Walker (Lee Marvin) works together with his friend Mal Reese (John Vernon in his first major role) to steal a large amount of cash from a courier transporting funds for a major gambling operation, with the deserted Alcatraz island as a drop point. Reese then double-crosses Walker by shooting him, leaving him for dead. Reese also makes off with Walker's wife Lynne (Sharon Acker).

Walker recovers. With assistance from the mysterious Yost (Keenan Wynn), who seems to know everything about everybody, Walker sets out to find Reese, take his revenge and recover the $93,000 he is owed. Reese used all of the money from the job to pay back a debt to a crime syndicate called "The Organization" and get back in its good graces.

With memories of happy times together, Walker goes to Los Angeles to pay back his wife and his best friend for their treachery. He bursts in on Lynne and riddles her bed with bullets, just in case Reese is in it. A distraught Lynne tells him she no longer wants to live, then takes an overdose of pills.

Walker is told that a car dealer named Stegman (Michael Strong) might know where Reese can be found. He takes Stegman for a wild ride in one of his new cars, smashing the car and terrorizing him until Stegman reveals where Reese is living. He is told that Reese has now taken up with Walker's sister-in-law, Chris.

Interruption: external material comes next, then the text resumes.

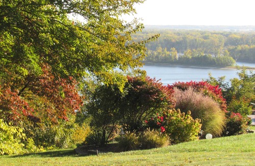 We are located at 500 North Street. The Berry Patch is on the second floor and has a western, spacious lawn view. However, there is an outdoor deck with a spectacular view of the Mississippi River and our double-lot, flower garden. This room provides a Posturpedic Full-sized bed. The bathroom with tub/shower is attached and private. (The hot tub is only available to Penthouse guests on the third floor.)
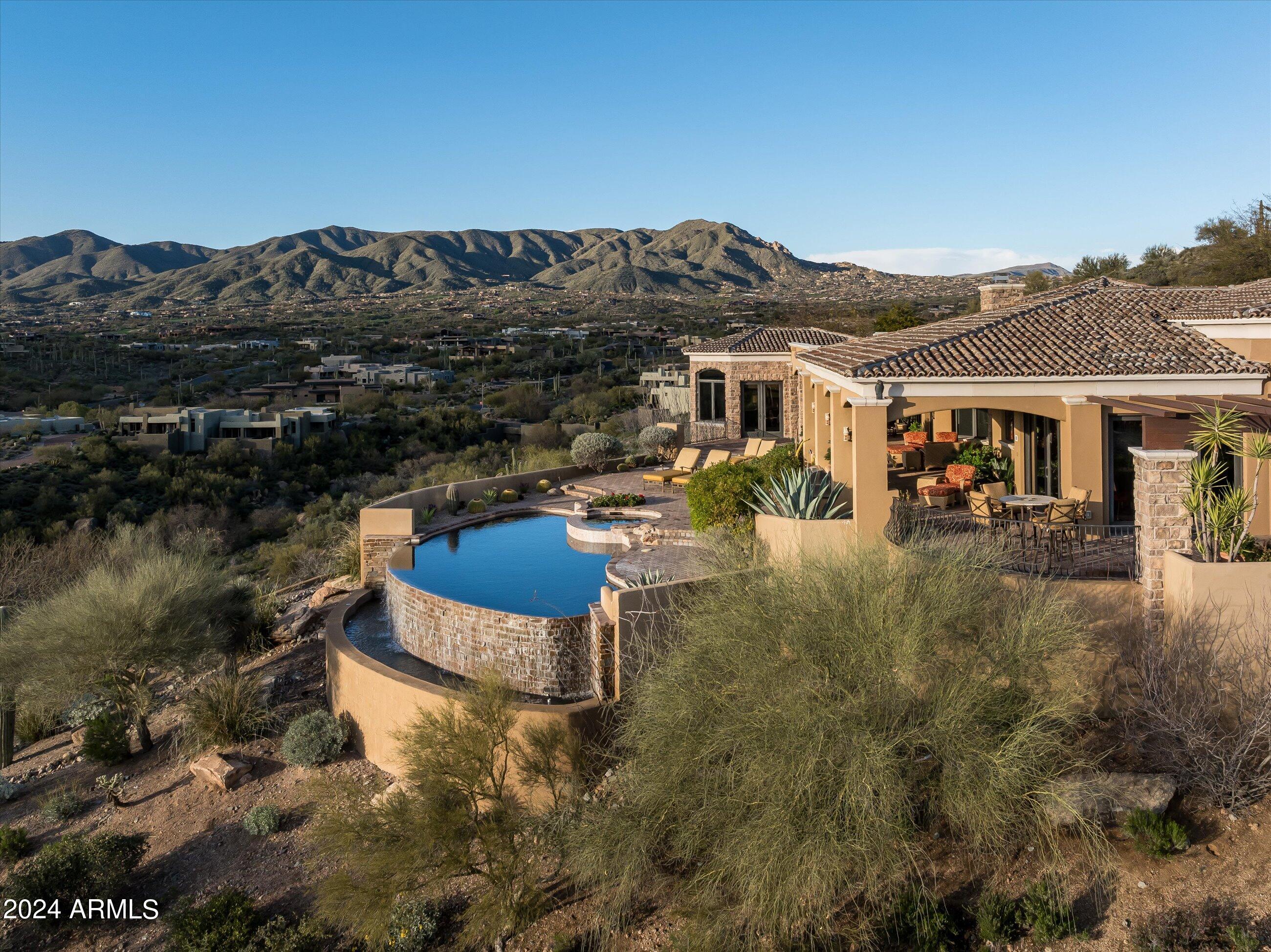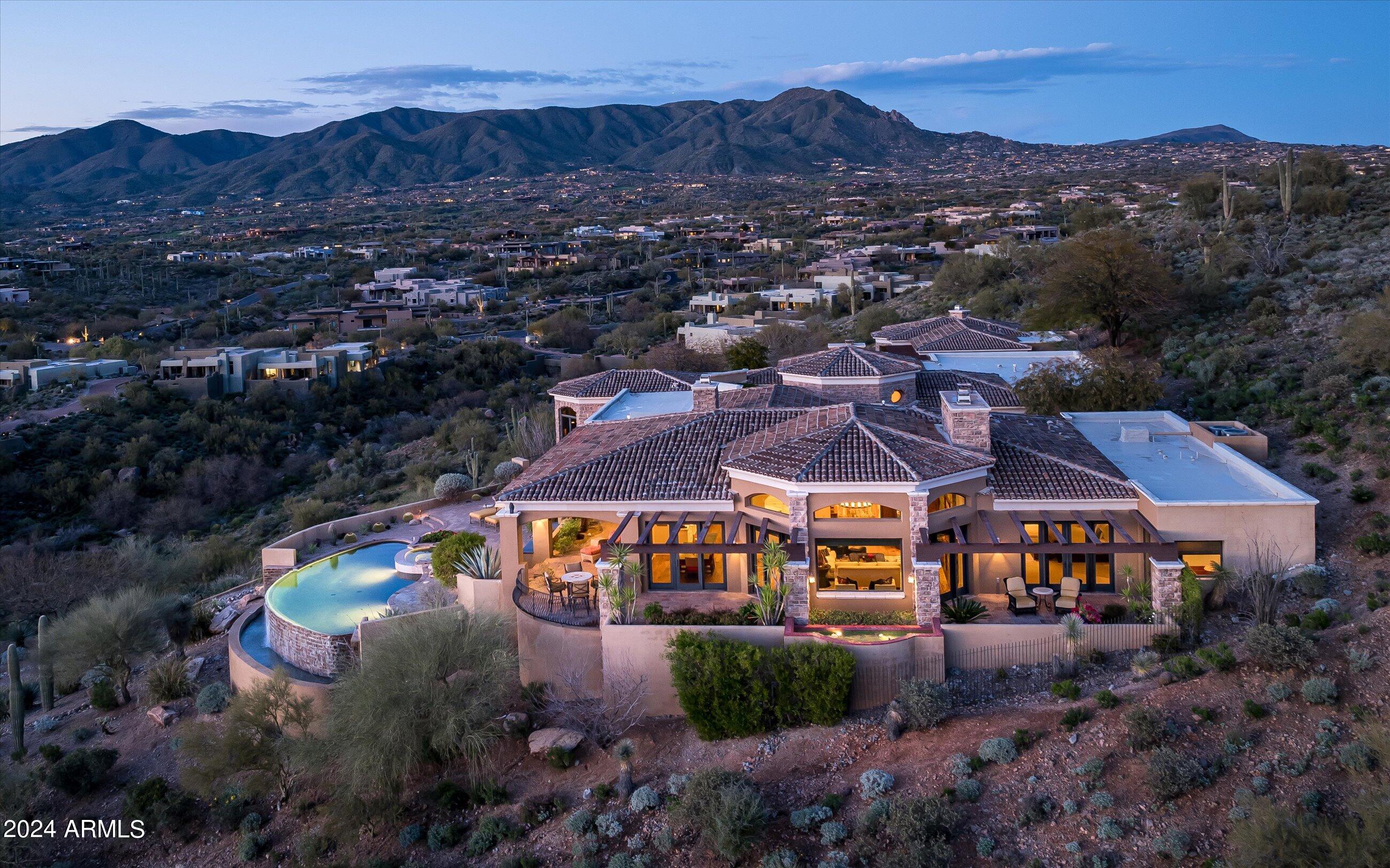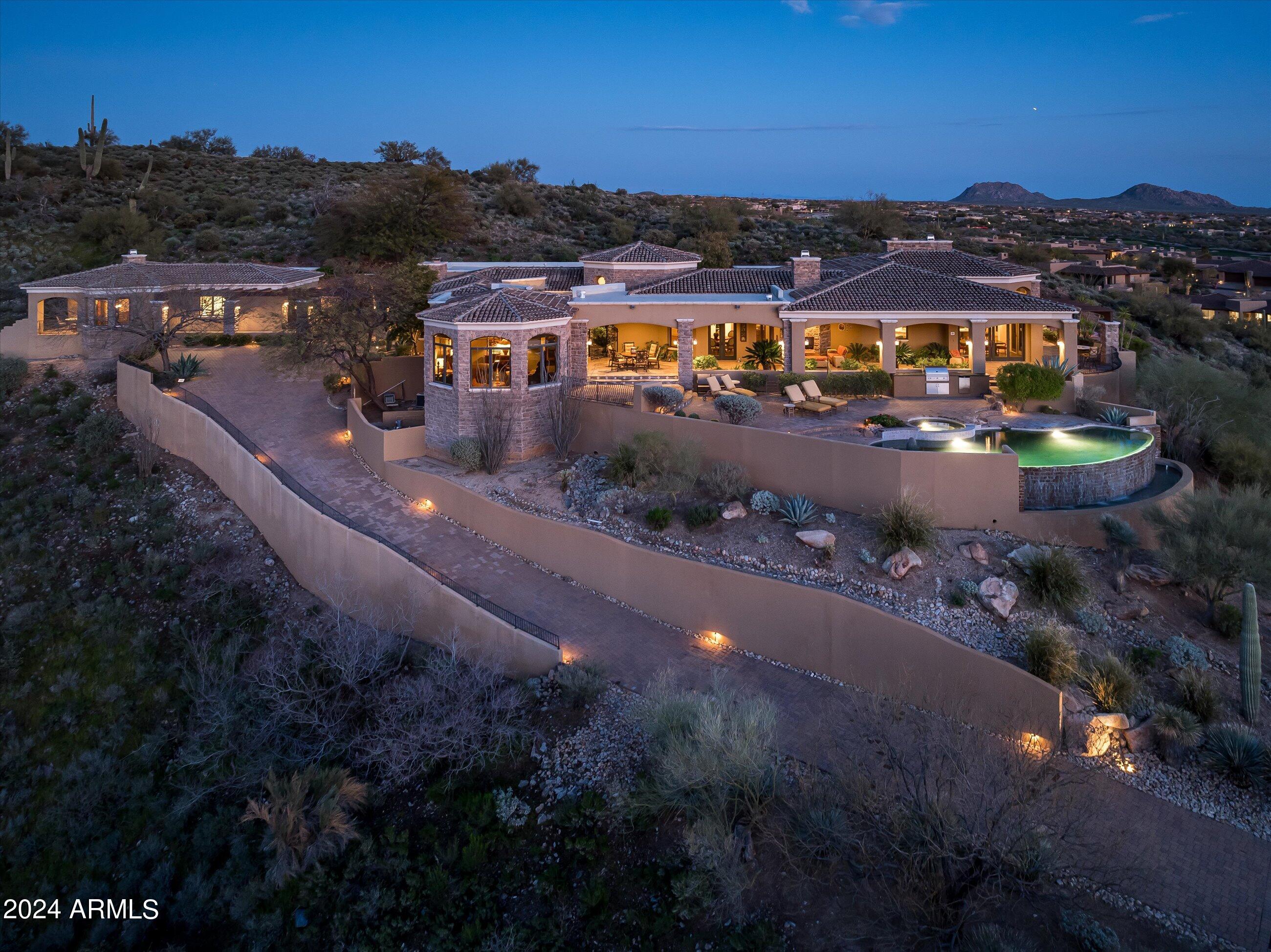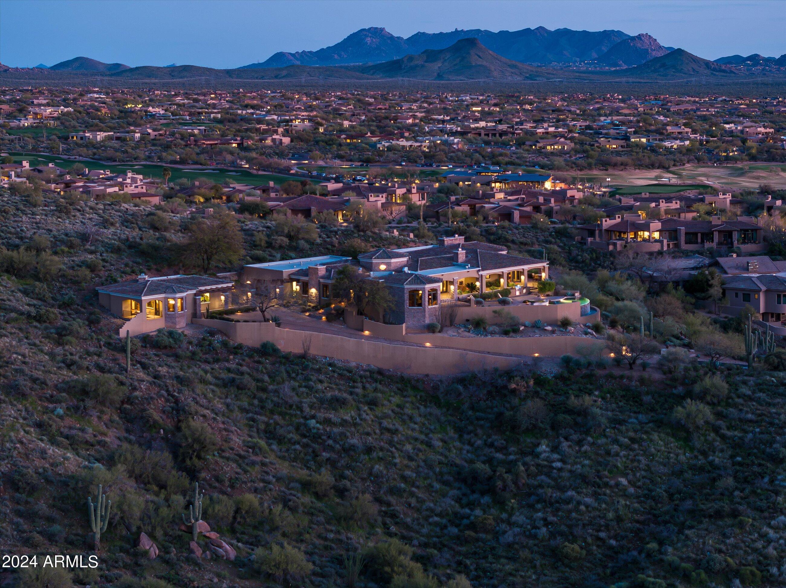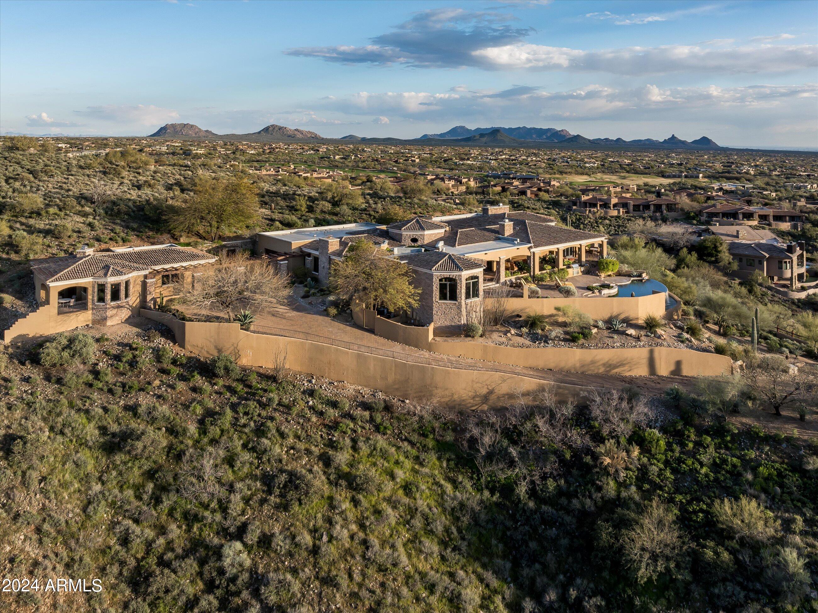 Scenic elevated ~10 acre Santa Barbara estate with breathtaking views of the Valley of the Sun, fabulous Sunsets and City Light Views can be yours forever. This home features 2 separate Guest Houses, 4 car garage, Great Room, Media Room, 2 offices, wet bar, wine room, and 5 En-suite Bedrooms all on 1 level + Exercise Room on Lower level. Lushly landscaped patios and grand-view pool deck are graced by 3 sparkling water features and Juliet balcony. Main home 3 En-suite Bedrooms open to interior courtyard w/water feature. Every possibility for seamless, indoor/outdoor living has been thoughtfully designed into this High Sonoran Retreat. Golf Membership available to transfer from Seller and furnishings excluding art are available under separate Bill of Sale.

Breaking in on Chris (Angie Dickinson), he learns that she actually despises Reese and had considered Walker the best thing ever to happen to her sister. Willing to help in any way, Chris agrees to a sexual tryst with Reese inside his heavily guarded penthouse apartment just so she can gain access and unbolt a door for Walker. Walker ties up some men in an apartment across from the penthouse and has a call made to police to report a robbery, creating a diversion that enables him to slip into the penthouse.

With a gun to Reese's head, Walker persuades him to give up the names of his organization superiors – Carter, Brewster and Fairfax – so that he can make somebody pay back his $93,000. He then forces a naked Reese off the balcony and watches him plunge to his death.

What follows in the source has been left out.